During the first quarter of 2012, the last series issued by the
SPE, Series 2007-1, matured. At December 31, 2012, the SPE
continued to exist and we consolidated the entity as we
continued to be the primary beneficiary of the SPE through
our holding of seller’s interest and our role as the primary
servicer.
T
AX
C
REDIT
I
NVESTMENTS
We make certain equity investments in various tax credit
limited partnerships or limited liability companies (LLCs).
The purpose of these investments is to achieve a satisfactory
return on capital and to assist us in achieving goals associated
with the Community Reinvestment Act.
Also, we are a national syndicator of affordable housing
equity. In these syndication transactions, we create funds in
which our subsidiaries are the general partner or managing
member and sell limited partnership or non-managing member
interests to third parties. In some cases PNC may also
purchase a limited partnership or non-managing member
interest in the fund. The purpose of this business is to generate
income from the syndication of these funds, generate servicing
fees by managing the funds, and earn tax credits to reduce our
tax liability. General partner or managing member activities
include selecting, evaluating, structuring, negotiating, and
closing the fund investments in operating limited partnerships
or LLCs, as well as oversight of the ongoing operations of the
fund portfolio.
Typically, the general partner or managing member will be the
party that has the right to make decisions that will most
significantly impact the economic performance of the entity.

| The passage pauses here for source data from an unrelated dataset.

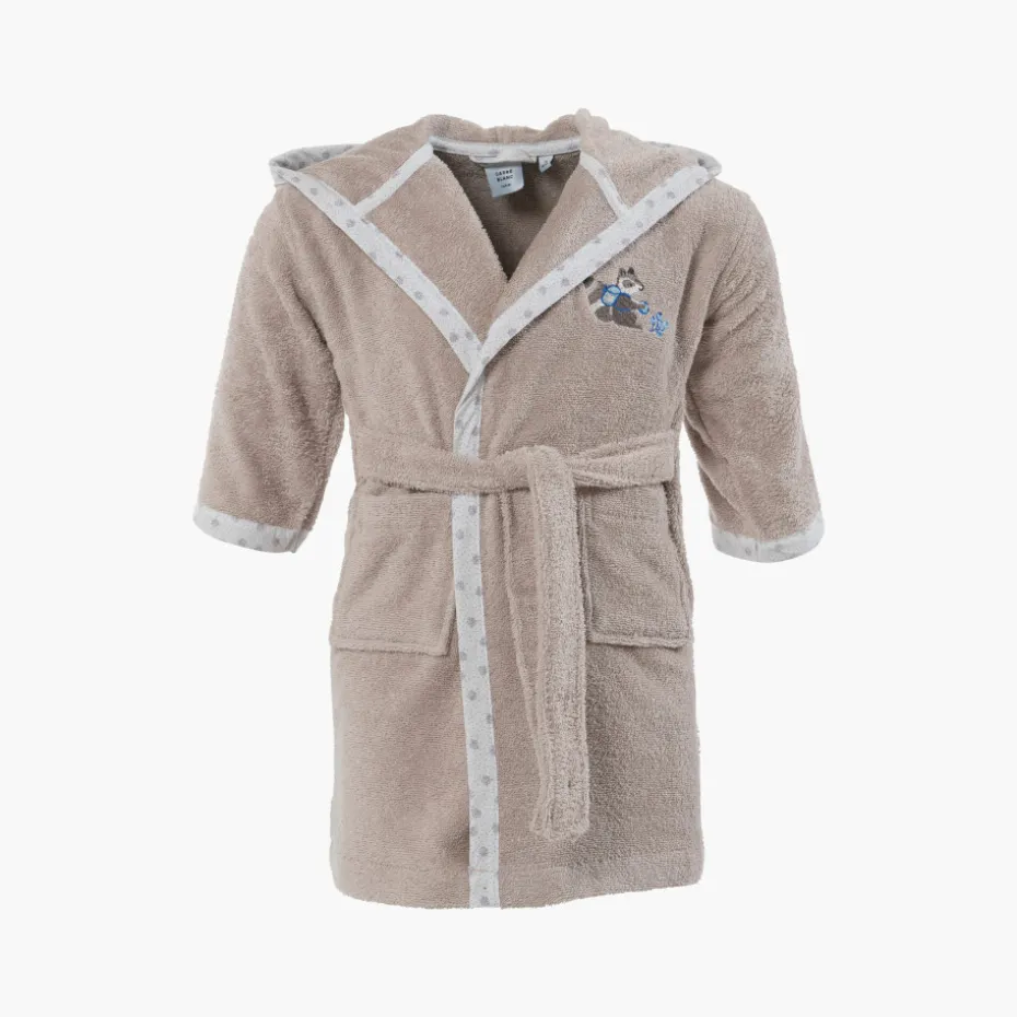 Destiné aux petits garçons comme aux petites filles, le peignoir Devine prend soin des tout-petits à la sortie du bain grâce à sa composition en coton biologique certifié GOTS. De coloris lin, cet accessoire de toilette revêt une adorable broderie sur la poitrine avec un raton laveur baroudeur, qui s’accompagne d’un micro-motif champêtre imprimé. Un produit à faire broder pour un cadeau personnalisé.
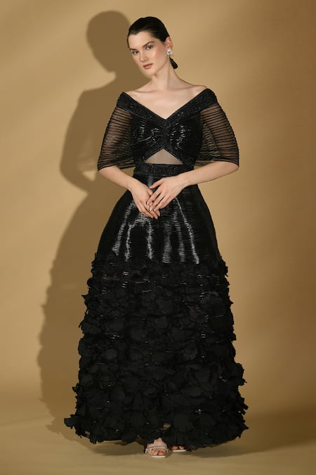 Buy_Geisha Designs_Black Nylon 3d Flowers Broad And Brigitta Pattern Structured Gown  _at_Aza_Fashions
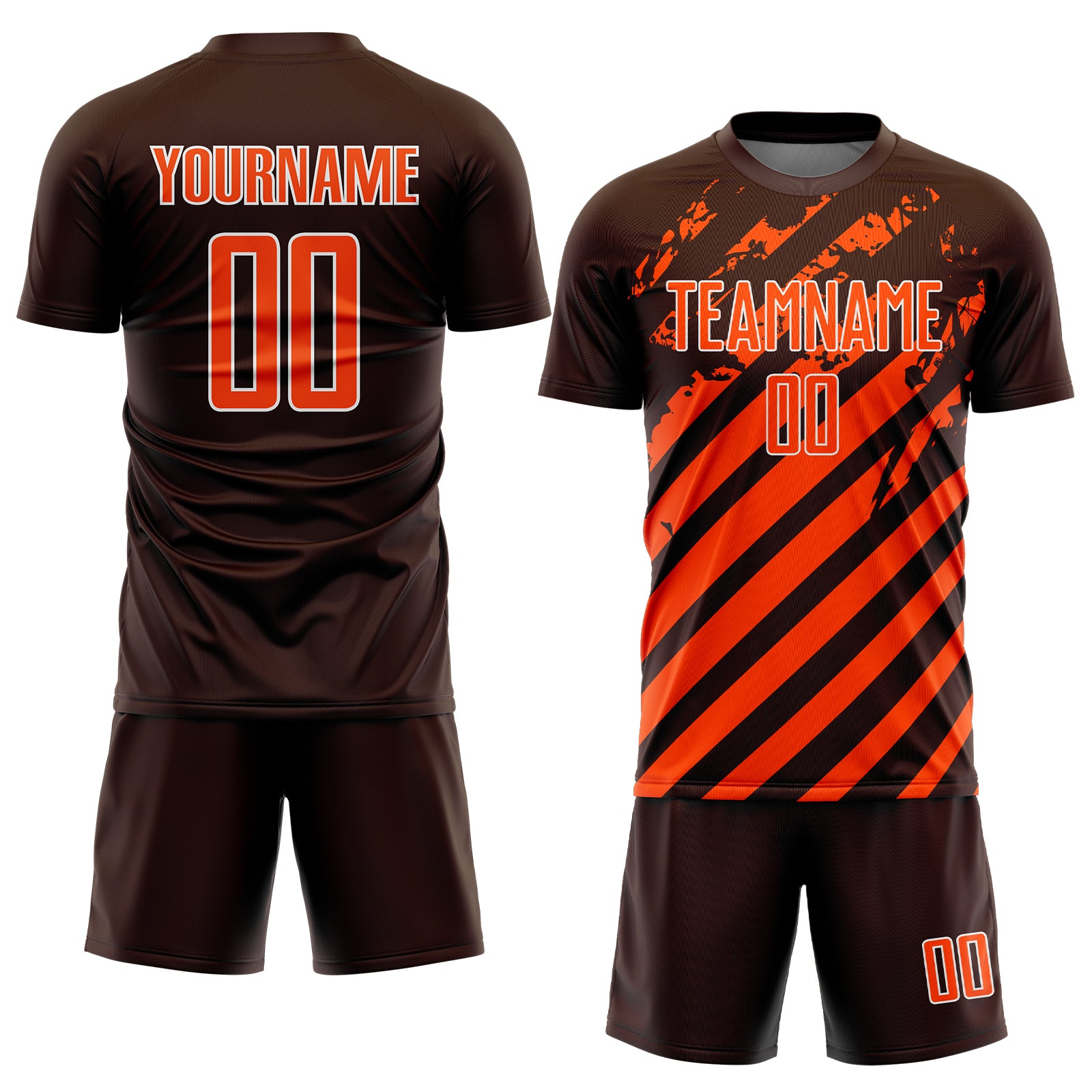 Custom Brown Orange-White Distressed Diagonal Stripe Pattern Sports Sublimation Soccer Uniform Jersey

However, certain partnership or LLC agreements provide the
limited partner or non-managing member the ability to remove
the general partner or managing member without cause. This
results in the limited partner or non-managing member being
the party that has the right to make decisions that will most
significantly impact the economic performance of the entity.
The primary sources of losses and benefits for these
investments are the tax credits, tax benefits due to passive
losses on the investments, and development and operating
cash flows. We have consolidated investments in which we
are the general partner or managing member and have a
limited partnership interest or non-managing member interest
that provides us the power to direct the activities that most
significantly impact the entity’s performance and have a
limited partnership interest or non-managing member interest
that could absorb losses or receive benefits that could be
potentially significant. The assets are primarily included in
Equity investments and Other assets on our Consolidated
Balance Sheet with the liabilities classified in Other borrowed
funds, Accrued expenses, and Other liabilities and the third
party investors’ interests included in the Equity section as
Noncontrolling interests. Neither creditors nor equity investors
in these investments have any recourse to our general credit.
We have not provided financial or other support to the limited
partnership or LLC that we are not contractually obligated to
provide. The consolidated aggregate assets and liabilities of
these investments are provided in the Consolidated VIEs table
and reflected in the “Other” business segment.